_Directions_: For this exercise, the lines from the one with "セット内容:新潟県産コシヒカ" through the final line of the data below are to be transcribed exactly, and pictures are to be skipped.

_Dataset section_:
------------

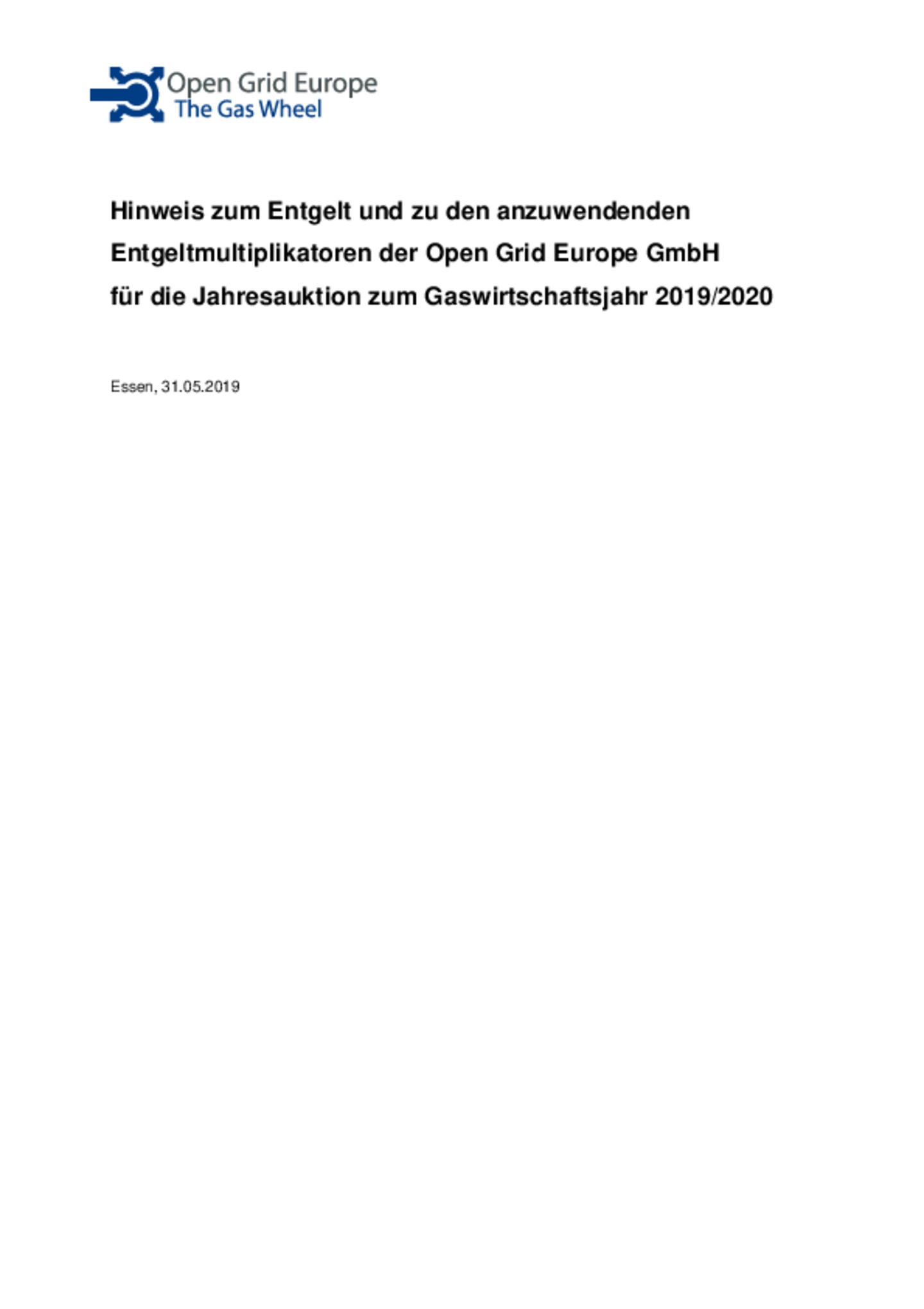 Hinweis zum Entgelt und zu den anzuwendenden Entgeltmultiplikatoren der Open Grid Europe GmbH
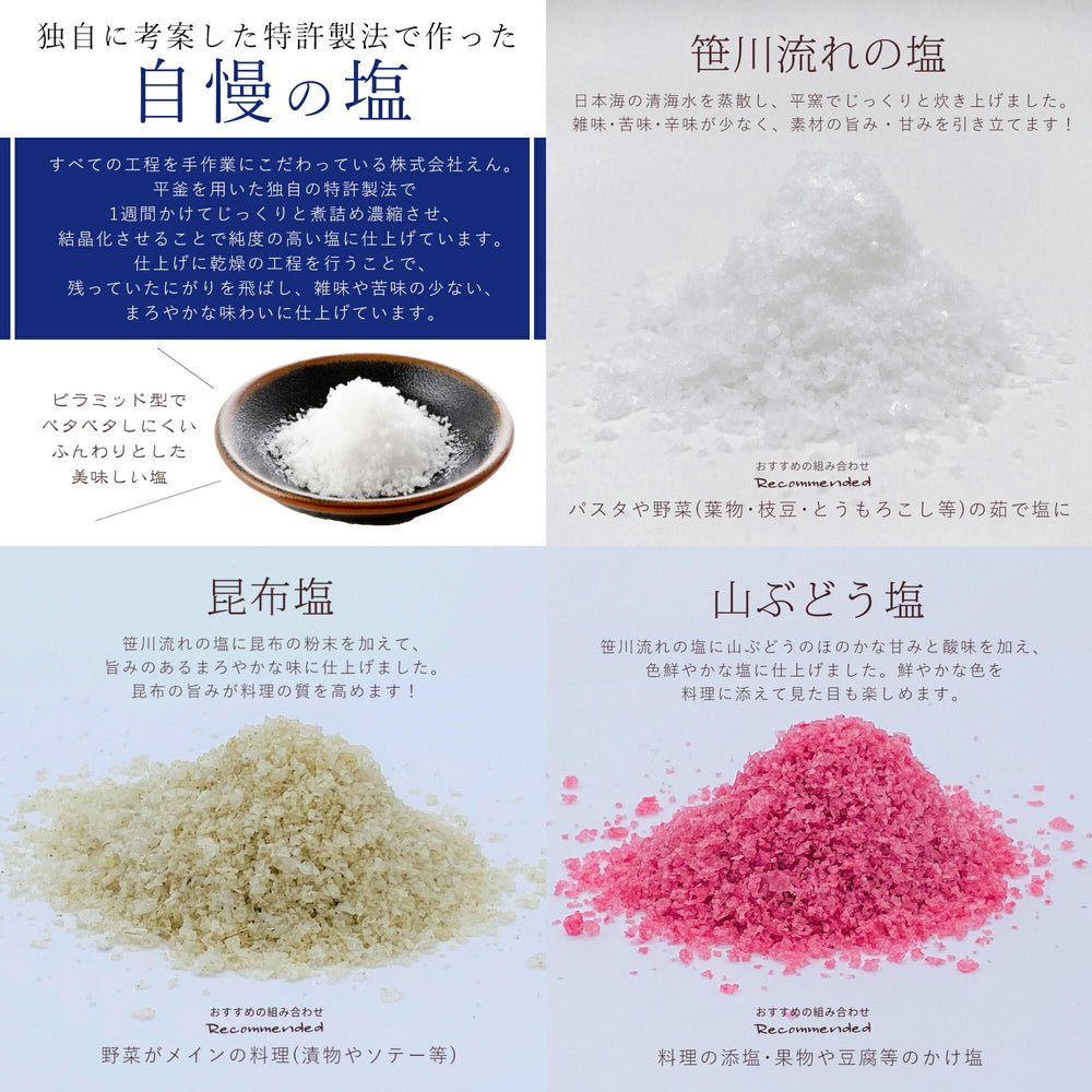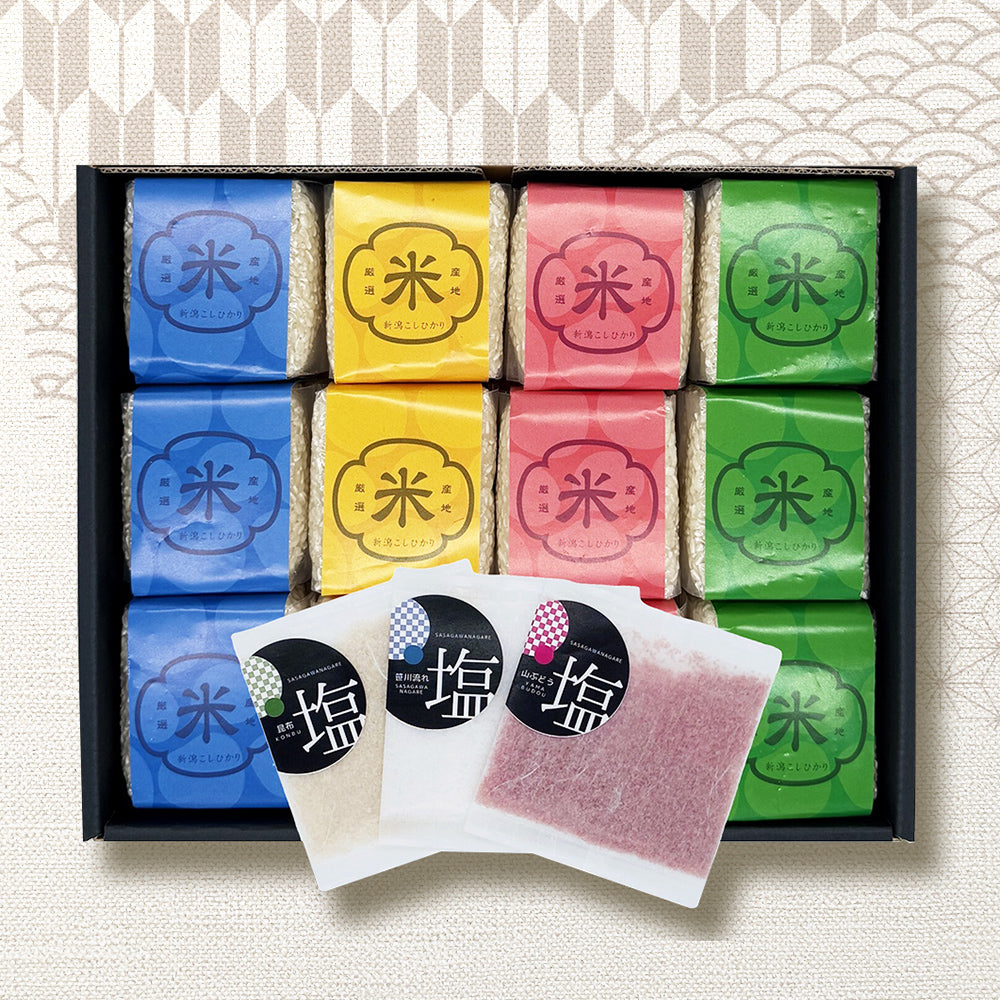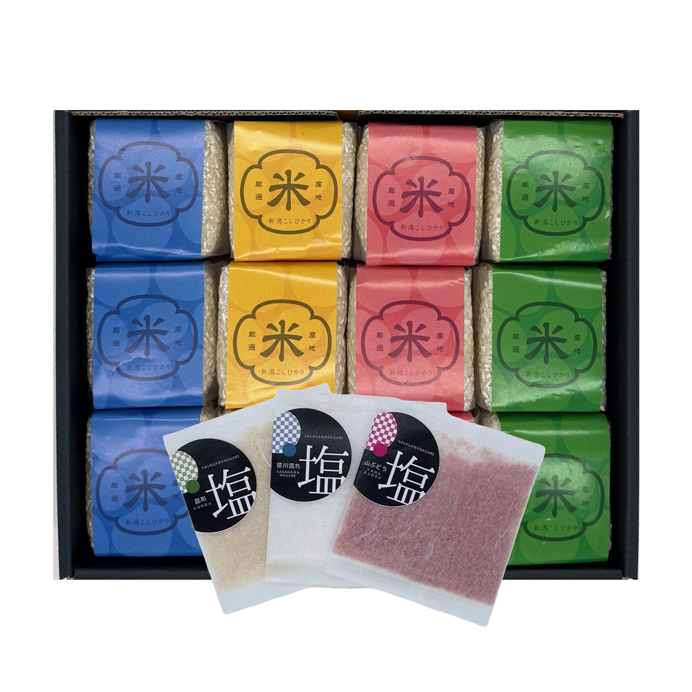 セット内容:新潟県産コシヒカリ1合(約150g)x12/笹川流れの塩20gx1/山ぶどう塩20gx1/昆布塩20gx1
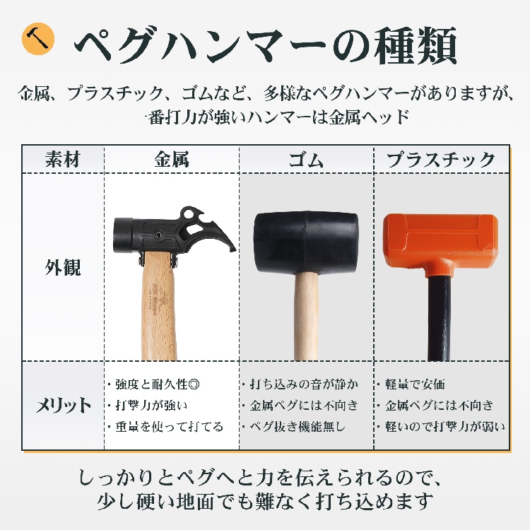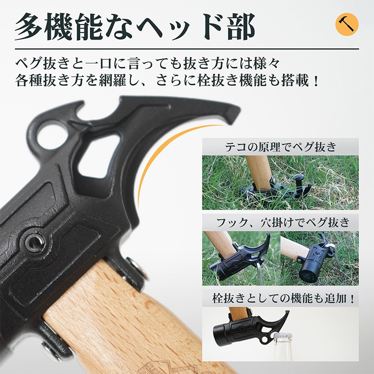 ■多機能ハンマーなので、様々なタイプのペグに対応

------------

_Output of the task_:
 セット内容:新潟県産コシヒカリ1合(約150g)x12/笹川流れの塩20gx1/山ぶどう塩20gx1/昆布塩20gx1
 ■多機能ハンマーなので、様々なタイプのペグに対応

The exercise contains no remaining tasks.